# How do YOU winterize your bees?



## Michael W. Smith

With winter coming upon us, I've been looking at how you winterize bees.

Seems to range from doing nothing, to "wrapping" the hive up like a package.

Option #1 - Do nothing. The hive is left where it should already be in a wind sheltered area. If they make it - they make it. If they don't - they don't.

Option #2 - Put somekind of insulating material around the hive. (Stacked hay bales surrounding the hive (leaving their opening available) with the idea that keeping them out of the wind and with more insulation, ensures they don't use up as much honey trying to keep warm.)

Option #3 - Put somekind of insulating material around the hive with the outer layer being tarpaper or black plastic again leaving their opening open. (The thought behind this is that the hive is insulated, but yet on days when the sun shines, the outer material warms up the hive so the bees are able to move to a new section of unused honey.

Option 2 would almost seem to disregard warmer days where the bees may be able to go out to a cleansing flight. With the insulating material blocking the warm weather from getting in letting the bees know they can move and take a cleansing flight. (The hive is kept at a more constant temperature, but the insulation may prohibite activity on warmer days due to the hive still being cold.) OPtion 3 almost seems like if you got a really warm heat wave during the winter, you could almost "bake" them.

This is my first year of having bees so I want to do the right thing. I realize that the most deadly things that can happen to bees during the winter is they run out of honey (sometimes in early Spring while getting the brood started), the temperatures stay so cold the bees can't move to more honey (they starve while right beside available food), moisture becomes a problem in the hive due to condensation.

So what do YOU do to winterize your bees?


----------



## jacqueg

Some people do wrap their hives. I'd be cautious about it, fearing it might lead to too much moisture in the hive. 

You don't say where you live. Bees are amazingly cold hardy, but if your area falls below zero (Fahrenheit) regularly, I'd think about building a shelter around the hive, to block the worst of the wind and wet.


----------



## FrankRichards

I'm certainly still a newby, but I've got a couple of observations:

I've lost several hives to extended autumns. Extra warm Novembers and Decembers can cause to bees to be more active, and eat honey that they need come February. Feeding them in Feb is too late, since it's usually too cold for them to break cluster to get the food. My plan is to make sure to keep the feeders full, so they don't draw down stores when it's warm enough to go up to the feeder.

Second, from reading the interwebs, Alberta seems to be black tarpaper central. Even North Dakota doesn't do it as much. Prairie winds and 30 below are far beyond my experience. It hasn't even hit 20 below here since I've had bees. The University of Alberta, as I recall winters its bees in an unheated building.

Frank


----------



## no1cowboy

Im in Alberta and I do nothing more then place 2" of insulation on top of the hive with top ventalation, other then that they stay in the same spot year round


----------



## alleyyooper

I've did the whole gambit of methods of winterizing bees. 
Tar paper may be fine for just a couple of hives but a pain in the kister for more than a couple. why not just paint the hives a dark color and caulk the seams?

Placed a empty deep above with flakes of straw to asorb moisture. Again what a pain if there is more than just a couple of hives.
Also placed straw bales around the hive. Since we do not raise our crops for our own straw that is to costly.

Today we make every attempt to place the bees in a natural wind break area such as a row of pine trees to the north, a big red barn to the north, a fence row where the farmer stacks huge round bales of hay behind north of the hives. and here at home a built privacy fence to block the wind.

We have found the colder the winter is the better for the bees. when temps stay in the 40F area and above during the day the bees are mnore active and consum more honey.

We have also found what a friend told us several years agho that bees today are dumber than they were 30 years ago.
They will starve today with 6 frames of honey in the box right beside them.

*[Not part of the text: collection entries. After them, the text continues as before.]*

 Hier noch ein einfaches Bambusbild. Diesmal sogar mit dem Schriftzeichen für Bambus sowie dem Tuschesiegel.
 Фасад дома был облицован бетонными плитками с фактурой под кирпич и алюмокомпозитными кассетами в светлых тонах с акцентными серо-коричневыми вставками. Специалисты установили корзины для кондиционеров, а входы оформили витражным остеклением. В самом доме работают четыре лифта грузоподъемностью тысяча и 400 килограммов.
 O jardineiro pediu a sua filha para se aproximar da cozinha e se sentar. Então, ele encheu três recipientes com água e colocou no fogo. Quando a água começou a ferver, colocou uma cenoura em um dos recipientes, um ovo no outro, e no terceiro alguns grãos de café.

During warm spells they don't seem to make an effort to repostion the honey or the cluster.




























 Al


----------



## AverageJo

Al, I noticed one picture looks like you have a spacer between the hive bodies with an opening and another looks like the top is slanted for top openings. What are the advantages or disadvantages with so many openings? Is the top opening between the inner cover and the outer one? Do you still have top openings for your bees during the winter or do you close it down to just the bottom opening? Do you use a reducer, mouse guard, or leave it alone? What about screen bottoms? Do you change them out for solid bottom boards? Also, why do you leave what looks like an empty honey super outside by the hive?


----------



## alleyyooper

Top picture by the pine trees. They have just been moved into that site (spring time), note the grass at the entrances reminding them they have been moved. There is a gallon of syrup on the inter cover with a deep hive body surrounding it.

Second picture by the barn. It is the start of summer heat, the outer covers are proped up in front to allow more venilation since there are upper entrances in the intercover.
Note the far right single deep. It is a swarm I had just collected and moved there, again note the grass.

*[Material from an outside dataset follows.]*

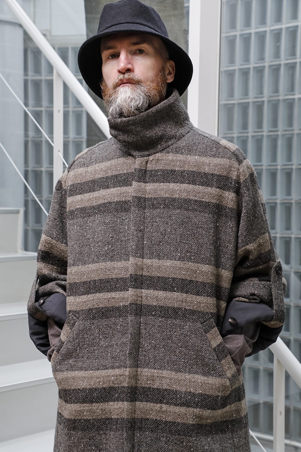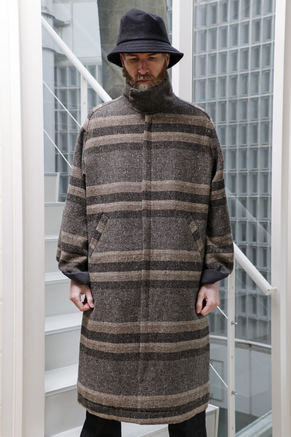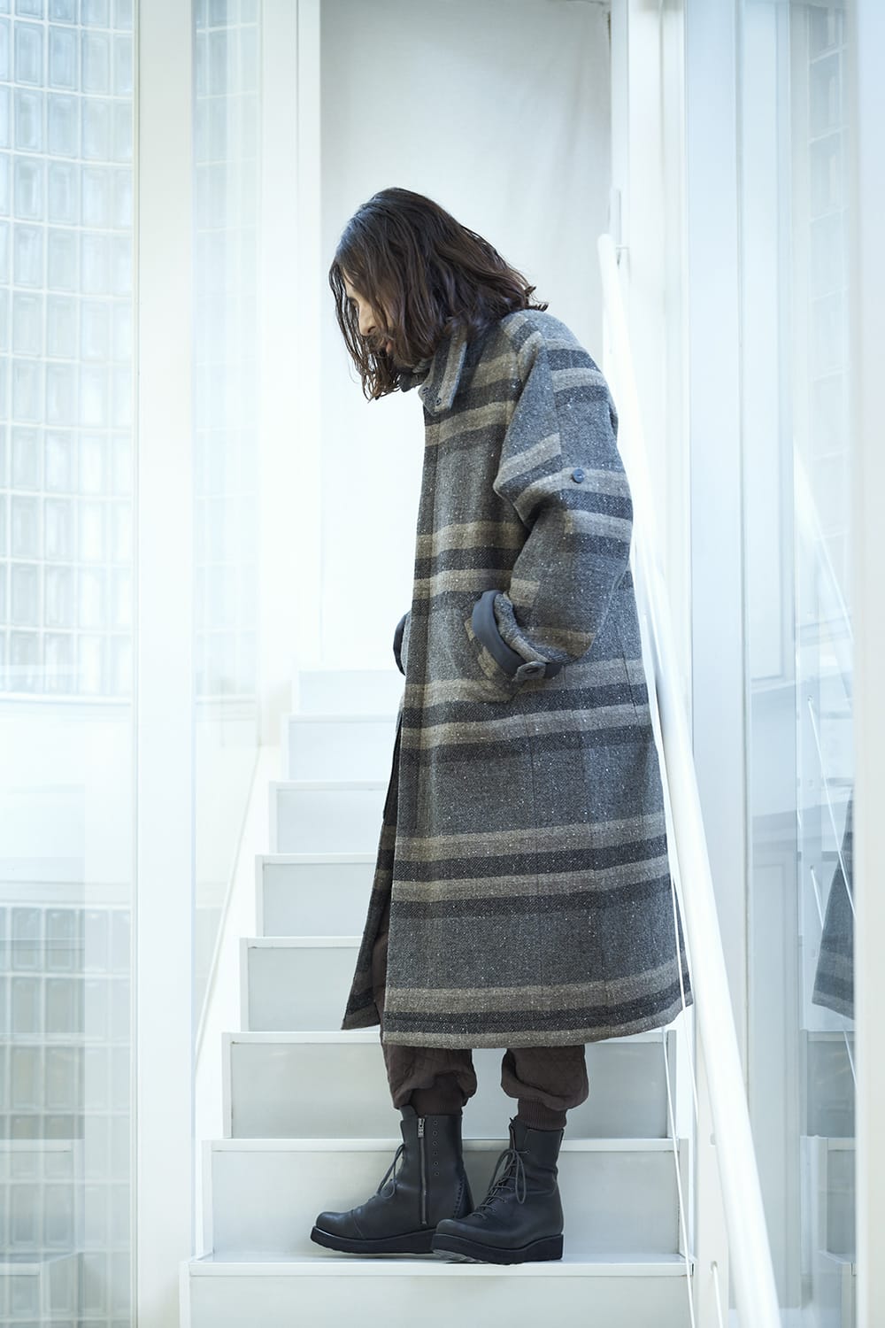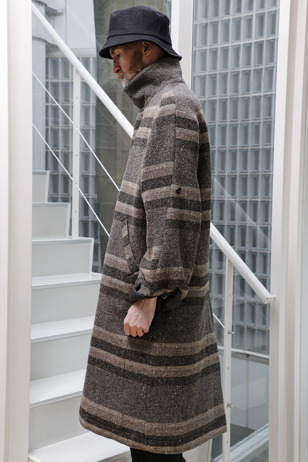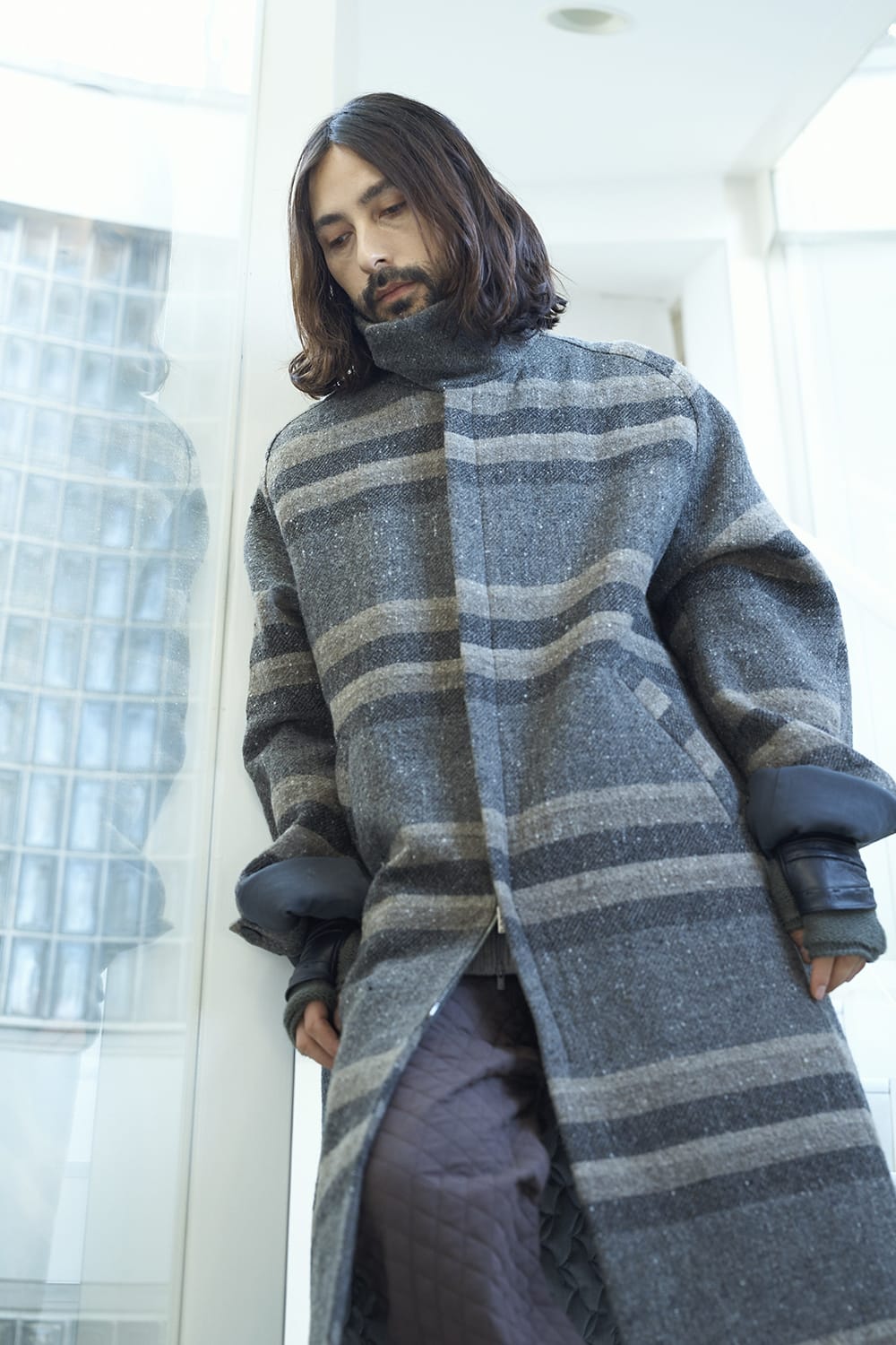 オーバーコートのようなルーズフィットシルエットで制作したハイネックコート。

All our intercovers have upper entrances. Open in the summer with the outer covers proped open, closed some what in the winter with the outer cover down and slid as far to the rear as they go.

Most entrances are 6 inches wide, they stay that way unless I see a robbing thing going on then I just place a reducer with a 3/4 inch opening till the robbing stops.
Mouse guards are 1/2 inch hardware cloth (screen) bent into a L then screwed to the bottom board. They are in place at all times except when I need to close the entrance to move bees or stack extra bottom boards.

Bottom boards are all screened. they have a slot for flashing to slide in and out of.


















In the summer we remove the flashing storeing it under the bricks, rocks or what ever that weights the outer cover down. In the fall we slide them back in place.

Extra hive bodies are stored between hives summer and winter where they are needed in the spring and fall. We have 12 out yards so I seem to always forget some thing we will need or never take enough.
We feed syrup in gallon pickle jars we get for free from the local pizza joints. The extra deeps are placed around the syrup jar.
then the outer cover placed on top.
We are slowly going to home built top feeders with a anti drowning rack to feed with. Running out of extra hive bodies to surround the syrup jars.










This is a spring split set up I did just for the taking of the picture.

 Al


----------



## AverageJo

Thanks for the explanations!! Now I'm thinking I might need to start modifying my equipment... Hummmm...


----------



## JRHILLS

Since heat from the cluster rises, you might find the most efficient place for insulation is between the inner cover and the outer cover. Try cutting a piece of Dow styrofoam insulation to fit inside the telescoping outer cover. Make sure your inner cover has an entry/ventilation hole and position the hole on so it's on the bottom front of the cover so moisture can escape.

JRH


----------



## JDog1222

alleyyooper said:


> We are slowly going to home built top feeders with a anti drowning rack to feed with.


How are you planning on making these?


----------



## alleyyooper

All ready made 12 and tested them. They work great with sugar water syrup but are a bit ockward when trying to pour cold honey in the front chamber.
thought about turning the chambers to run the long ways but would take more lumber to build them. Decided we don't often feed thich honey so will continue the ones I have did and tested as is. Only 88 more to make.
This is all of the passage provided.